AUTHORITIES have shot the crocodile believed to have taken and killed a 57-year-old fisherman on the Adelaide River in the Northern Territory.















*Published On:* 19-Aug-14 07:40 AM
*Source:* via NEWS.com.au

*Go to Original Article*


----------



## solar 17 (Aug 19, 2014)

This is very sad "BUT" fishing from the bank of the Adelaide River where the Tour Operators feed the crocs from bamboo poles making the crocs lunge out of the water unfortuneately DOESN'T show a lot of common sense and the ultimate price being paid. solar 17 ~B~


----------



## Burnerism (Aug 19, 2014)

The moralities of culling and tour operated feeding aside, if you play with fire you will get burnt. My condolences to the family.


----------



## Alexbee (Aug 19, 2014)

The NT is hands down the dumbest place in Australia.. I was on a croc spotting tour in the Daintree and our tour guide was telling us how stupid it is that they feed the crocs in the nt


----------



## phatty (Aug 19, 2014)

Alexbee said:


> The NT is hands down the dumbest place in Australia.. I was on a croc spotting tour in the Daintree and our tour guide was telling us how stupid it is that they feed the crocs in the nt


I think you will find it is the dumb southerners that come up here  
it would of wanted to be a good lure


----------



## stusnake (Aug 19, 2014)

Unfortunate event. Unfortunate for the crocodile that was only behaving naturally. Wadding into the shallows of the Adelaide river at dusk, prime activity time for Crocs, was only going to end badly. Croc attacks may have risen in recent times however population(human) is continueing to rise up north too and if people don't respect the nature of the land up north sadly these sorts of things will happen and continue to happen.


----------



## bladesmurray (Aug 19, 2014)

And it was a rare pied croc to hey? I seen this on face book


----------



## Rogue5861 (Aug 19, 2014)

bladesmurray said:


> And it was a rare pied croc to hey? I seen this on face book



From everything i have read yea it was, his name was "Michael Jackson" due to the colour change it had taken over the years. I managed to get out on a boat last november and see him for myself, really glad i got the chance to see him.

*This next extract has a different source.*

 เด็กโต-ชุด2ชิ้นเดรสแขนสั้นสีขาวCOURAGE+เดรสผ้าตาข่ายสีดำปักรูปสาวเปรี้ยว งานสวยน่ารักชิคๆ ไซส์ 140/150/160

Its really sad to hear that they killed the croc. We all know that it wasnt the crocs fault and it was due to one foolish act from a human that two lifes sadly ended, would of been better if they actually just left it alone and reiterated to the public that this is a dangerous water way and to stay away from the banks as this is crocodile territory and not outs.

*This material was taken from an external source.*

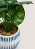 Leafy Plant In Blue Ribbed Pot (28cm x 15cm x 15cm)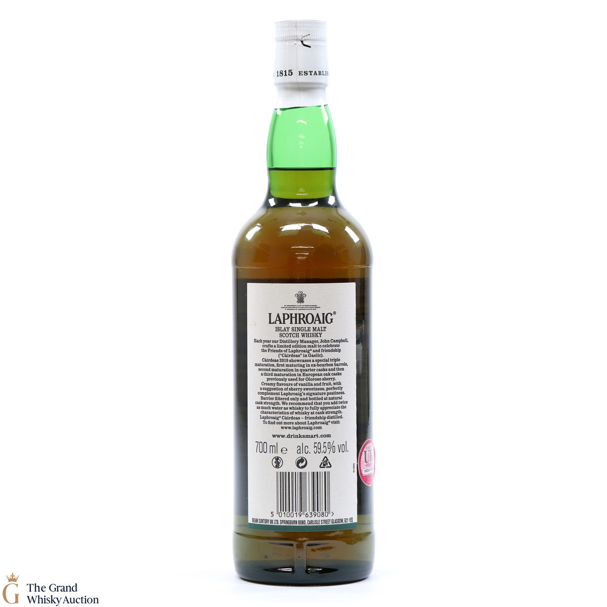 Cairdeas, Gaelic for 'friendship', is an annual bottle release by Laphroaig for their Friends of Laphroaig members. This Càirdeas Triple Wood Cask Strength was released for Fèis Ìle 2019. It has had a special triple maturation; first matured in ex-bourbon barrels, then in quarter casks and finally in European oak casks which previously held oloroso sherry.

There are a fair few big crocs in this river system that could easily take an adult human without any trouble, the same as the wa shark cult i guess. More education less eradication would be a better way to go about it in my book.


Rick


----------



## bladesmurray (Aug 19, 2014)

Well said rick and lol Michael jackson classic


----------



## Rogue5861 (Aug 19, 2014)

bladesmurray said:


> Well said rick and lol Michael jackson classic



Yea when i first saw him i thought the same thing and then they told us what everyone called him, it definatly makes a lot of sense. Pretty sure he was around 60yrs old and the colour change happened over time like calico bhp's do, not sure exactly if it was a pied or leucistic or albino colour change but he was definatly a one of a kind sort of animal.


Rick


----------



## bladesmurray (Aug 20, 2014)

So sad


----------